### Supplied data
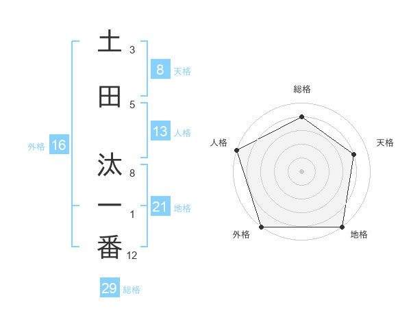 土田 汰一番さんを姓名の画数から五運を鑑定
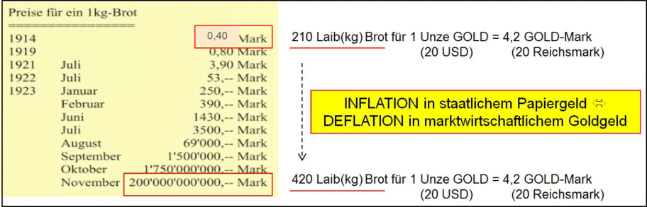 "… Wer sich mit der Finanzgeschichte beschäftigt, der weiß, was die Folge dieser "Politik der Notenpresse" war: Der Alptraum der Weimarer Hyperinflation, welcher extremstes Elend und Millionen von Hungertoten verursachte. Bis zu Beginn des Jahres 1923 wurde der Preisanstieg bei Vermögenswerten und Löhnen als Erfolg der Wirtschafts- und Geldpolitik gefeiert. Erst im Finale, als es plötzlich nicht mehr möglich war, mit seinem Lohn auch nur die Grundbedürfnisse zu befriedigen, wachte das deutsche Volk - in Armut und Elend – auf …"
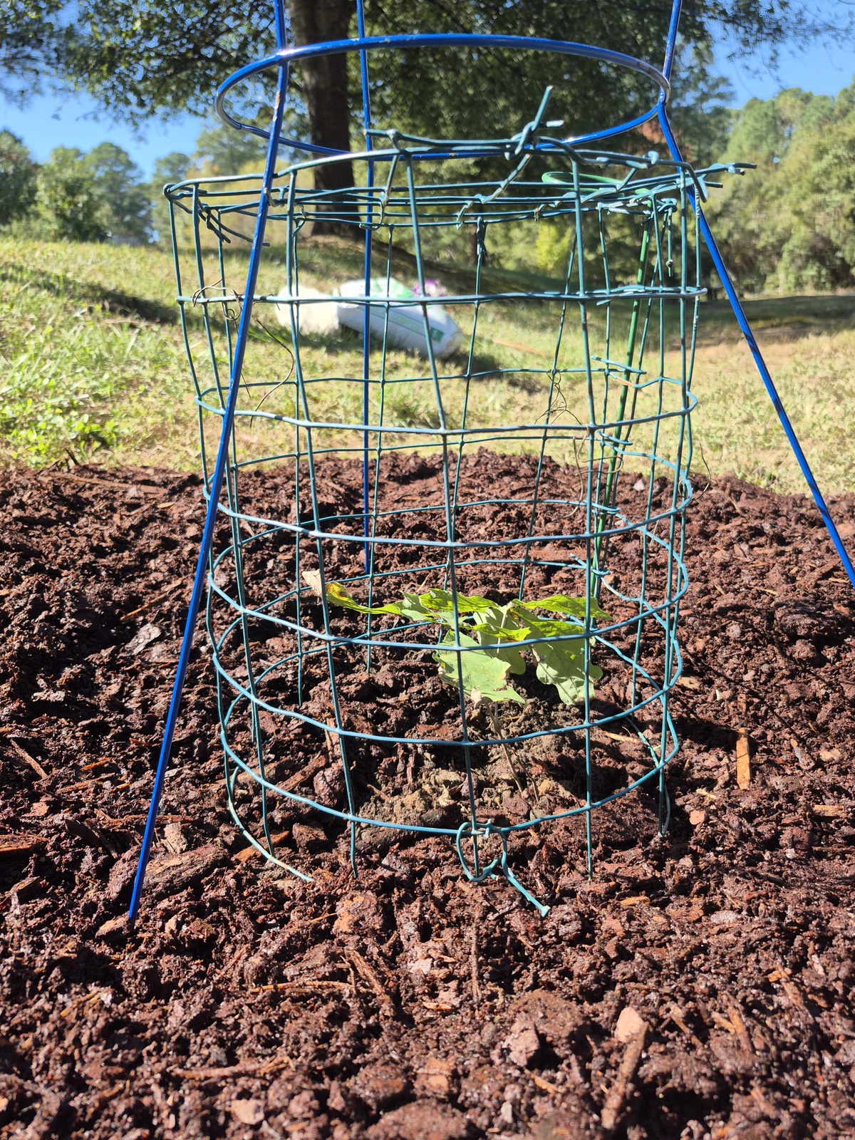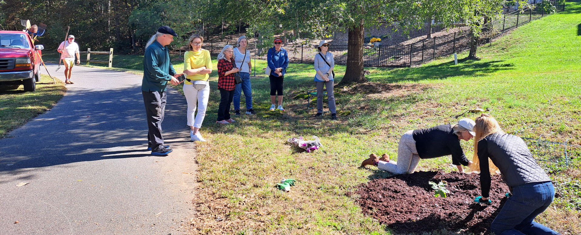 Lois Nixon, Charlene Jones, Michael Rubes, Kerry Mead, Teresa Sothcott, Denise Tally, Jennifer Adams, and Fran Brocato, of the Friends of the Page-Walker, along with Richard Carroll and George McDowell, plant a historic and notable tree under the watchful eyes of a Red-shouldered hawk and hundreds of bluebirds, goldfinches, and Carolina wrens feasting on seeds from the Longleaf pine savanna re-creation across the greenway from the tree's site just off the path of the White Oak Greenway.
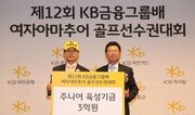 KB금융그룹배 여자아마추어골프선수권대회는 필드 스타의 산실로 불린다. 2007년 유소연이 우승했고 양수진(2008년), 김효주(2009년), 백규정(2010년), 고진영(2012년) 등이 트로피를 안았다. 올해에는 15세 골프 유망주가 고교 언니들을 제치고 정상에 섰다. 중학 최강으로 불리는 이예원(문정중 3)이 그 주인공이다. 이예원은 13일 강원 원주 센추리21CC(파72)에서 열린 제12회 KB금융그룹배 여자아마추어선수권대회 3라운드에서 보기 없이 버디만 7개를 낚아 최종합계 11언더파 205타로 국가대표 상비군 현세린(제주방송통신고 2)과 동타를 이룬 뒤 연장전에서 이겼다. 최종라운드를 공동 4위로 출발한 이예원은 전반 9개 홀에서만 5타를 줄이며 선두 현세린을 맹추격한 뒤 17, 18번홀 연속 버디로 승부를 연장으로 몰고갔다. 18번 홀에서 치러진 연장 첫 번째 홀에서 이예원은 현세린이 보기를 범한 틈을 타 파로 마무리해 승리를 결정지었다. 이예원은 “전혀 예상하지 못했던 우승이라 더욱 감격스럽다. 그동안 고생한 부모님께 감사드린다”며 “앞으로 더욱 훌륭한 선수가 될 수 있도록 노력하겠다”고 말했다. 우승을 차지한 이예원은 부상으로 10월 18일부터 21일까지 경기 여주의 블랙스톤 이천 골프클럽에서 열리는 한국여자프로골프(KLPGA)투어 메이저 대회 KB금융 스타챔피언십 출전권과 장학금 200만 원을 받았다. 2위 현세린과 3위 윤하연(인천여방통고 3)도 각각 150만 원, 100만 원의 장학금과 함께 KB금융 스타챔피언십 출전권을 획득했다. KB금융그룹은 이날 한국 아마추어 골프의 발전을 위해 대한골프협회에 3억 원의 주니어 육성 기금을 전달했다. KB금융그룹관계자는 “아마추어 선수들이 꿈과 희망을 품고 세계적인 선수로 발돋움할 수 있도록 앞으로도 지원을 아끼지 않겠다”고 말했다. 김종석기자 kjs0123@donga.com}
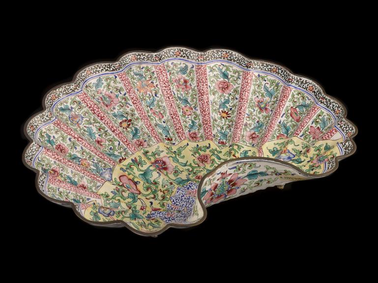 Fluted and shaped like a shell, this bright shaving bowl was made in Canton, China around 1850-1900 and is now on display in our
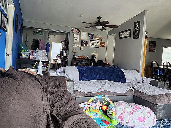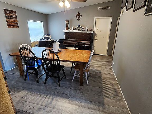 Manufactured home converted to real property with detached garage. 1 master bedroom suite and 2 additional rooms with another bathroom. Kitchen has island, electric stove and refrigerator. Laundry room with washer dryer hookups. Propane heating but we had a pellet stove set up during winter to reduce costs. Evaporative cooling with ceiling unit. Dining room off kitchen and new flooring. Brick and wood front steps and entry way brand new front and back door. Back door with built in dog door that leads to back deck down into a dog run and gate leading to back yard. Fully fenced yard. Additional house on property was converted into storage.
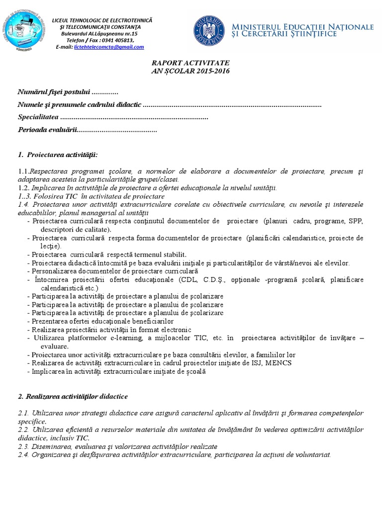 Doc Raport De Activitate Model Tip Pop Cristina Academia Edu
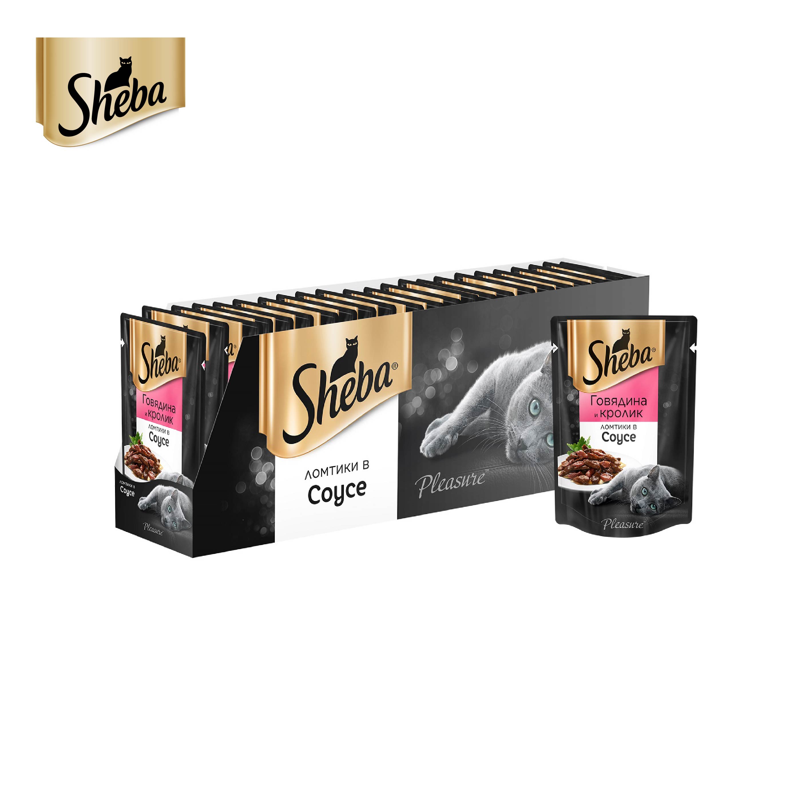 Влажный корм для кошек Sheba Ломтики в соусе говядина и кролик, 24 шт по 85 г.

---

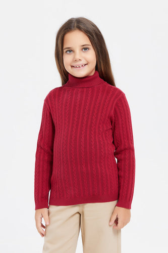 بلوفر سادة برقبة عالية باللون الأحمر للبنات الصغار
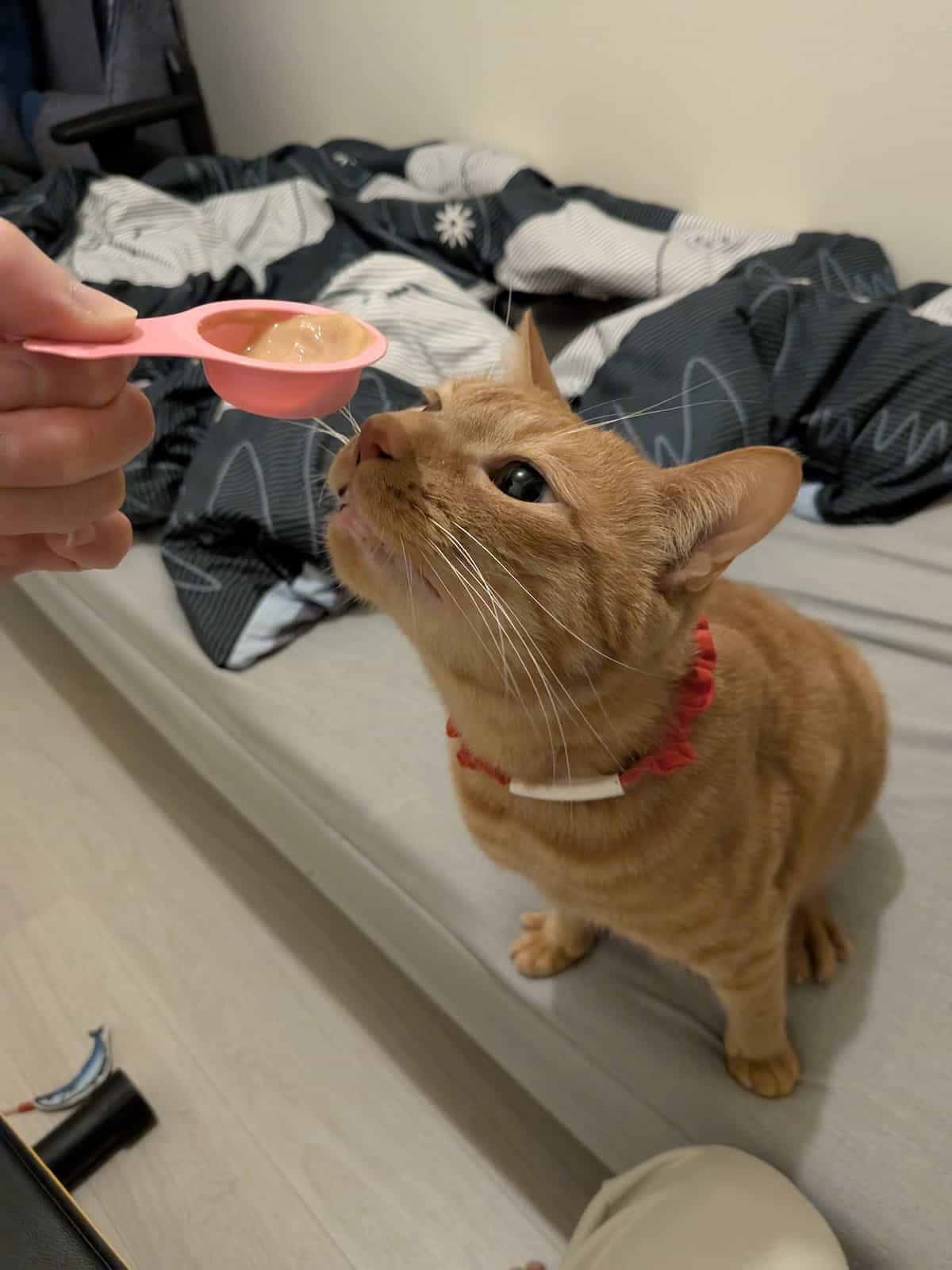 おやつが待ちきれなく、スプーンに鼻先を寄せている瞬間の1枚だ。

### Action item
What belongs in the answer is each line above from the line with "土田 汰一番さんを姓名の画数から五運を鑑定" to the line with "Wer sich mit", inclusive, reproduced exactly and free of pictures.

### Response to the exercise
 土田 汰一番さんを姓名の画数から五運を鑑定
 "… Wer sich mit der Finanzgeschichte beschäftigt, der weiß, was die Folge dieser "Politik der Notenpresse" war: Der Alptraum der Weimarer Hyperinflation, welcher extremstes Elend und Millionen von Hungertoten verursachte. Bis zu Beginn des Jahres 1923 wurde der Preisanstieg bei Vermögenswerten und Löhnen als Erfolg der Wirtschafts- und Geldpolitik gefeiert. Erst im Finale, als es plötzlich nicht mehr möglich war, mit seinem Lohn auch nur die Grundbedürfnisse zu befriedigen, wachte das deutsche Volk - in Armut und Elend – auf …"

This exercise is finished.